• What you should do:
Copy every line of the data below exactly as given, except for the pictures.

Start of Input records

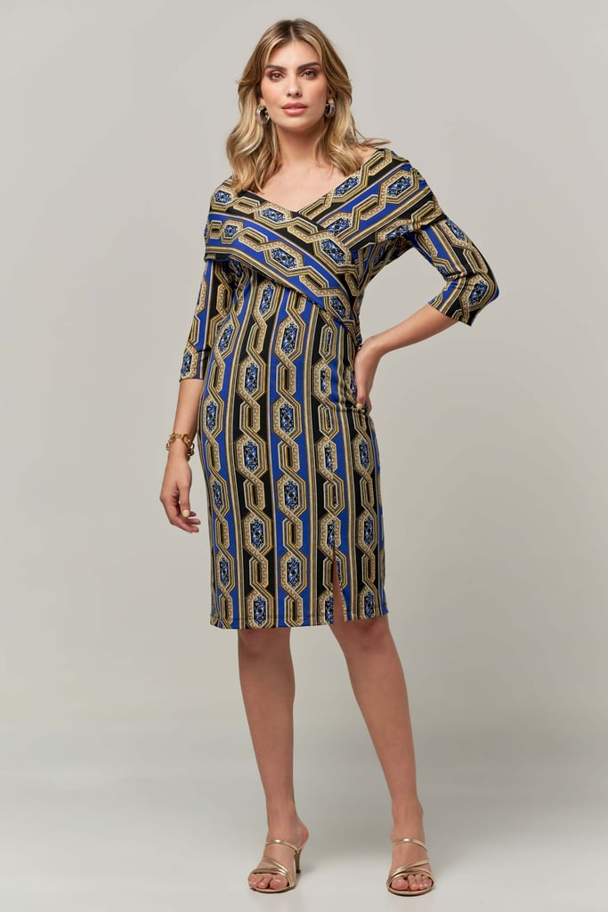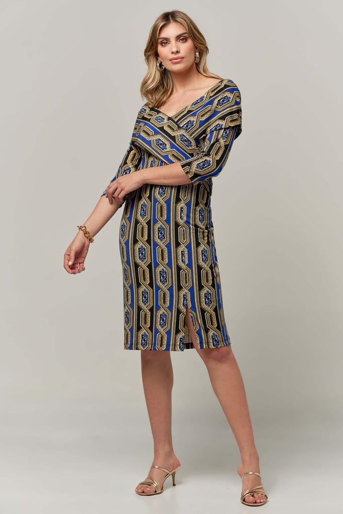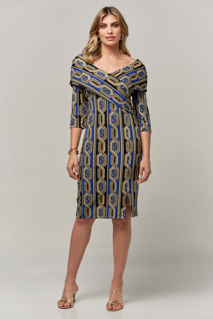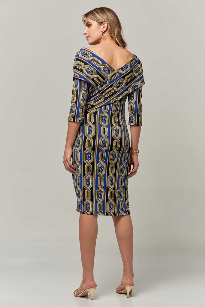 Vestido estampado de malha creponada ferrado, comprimento midi, decote ombro a ombro e manga 3/4.
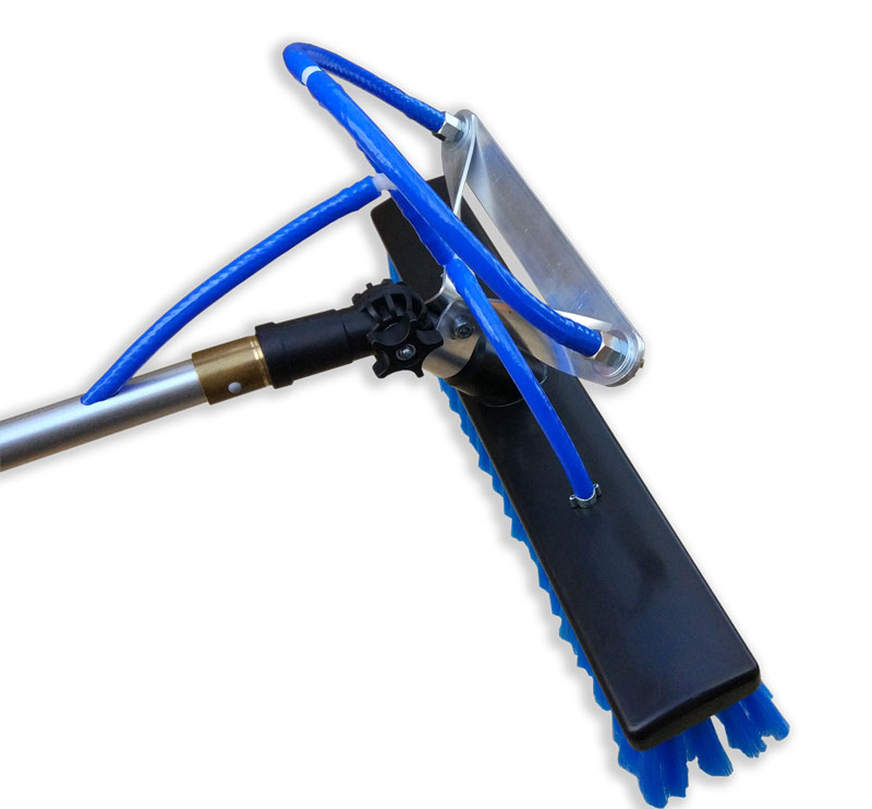 - 8m Aluminium Teleskopstange mit innengeführtem Wasserschlauch und handelsüblichem Wasseranschluss (Transportlänge: ca. 2,30m)
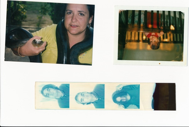 This picture is a collage of a baby, a teenager, and an older woman wearing a yellow vest. |
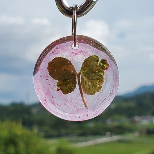 日本一の星の村、スタービレッジ長野県阿智村で摘み取った四葉のクローバーをレジンに封じ込め、
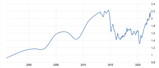 Price conversions are a bit tricky since petrol is priced in pounds or Euros per litre but the broad pattern is this: petrol topped a $4 / gallon mark in the last 1990s when Bill Clinton was in office and has never dropped below it. Here’s the British price in pence per litre. Any price about 105 pc is above $4 / gallon.

End of Input records

• Solution to the exercise:
 Vestido estampado de malha creponada ferrado, comprimento midi, decote ombro a ombro e manga 3/4.
 - 8m Aluminium Teleskopstange mit innengeführtem Wasserschlauch und handelsüblichem Wasseranschluss (Transportlänge: ca. 2,30m)
 This picture is a collage of a baby, a teenager, and an older woman wearing a yellow vest. |
 日本一の星の村、スタービレッジ長野県阿智村で摘み取った四葉のクローバーをレジンに封じ込め、
 Price conversions are a bit tricky since petrol is priced in pounds or Euros per litre but the broad pattern is this: petrol topped a $4 / gallon mark in the last 1990s when Bill Clinton was in office and has never dropped below it. Here’s the British price in pence per litre. Any price about 105 pc is above $4 / gallon.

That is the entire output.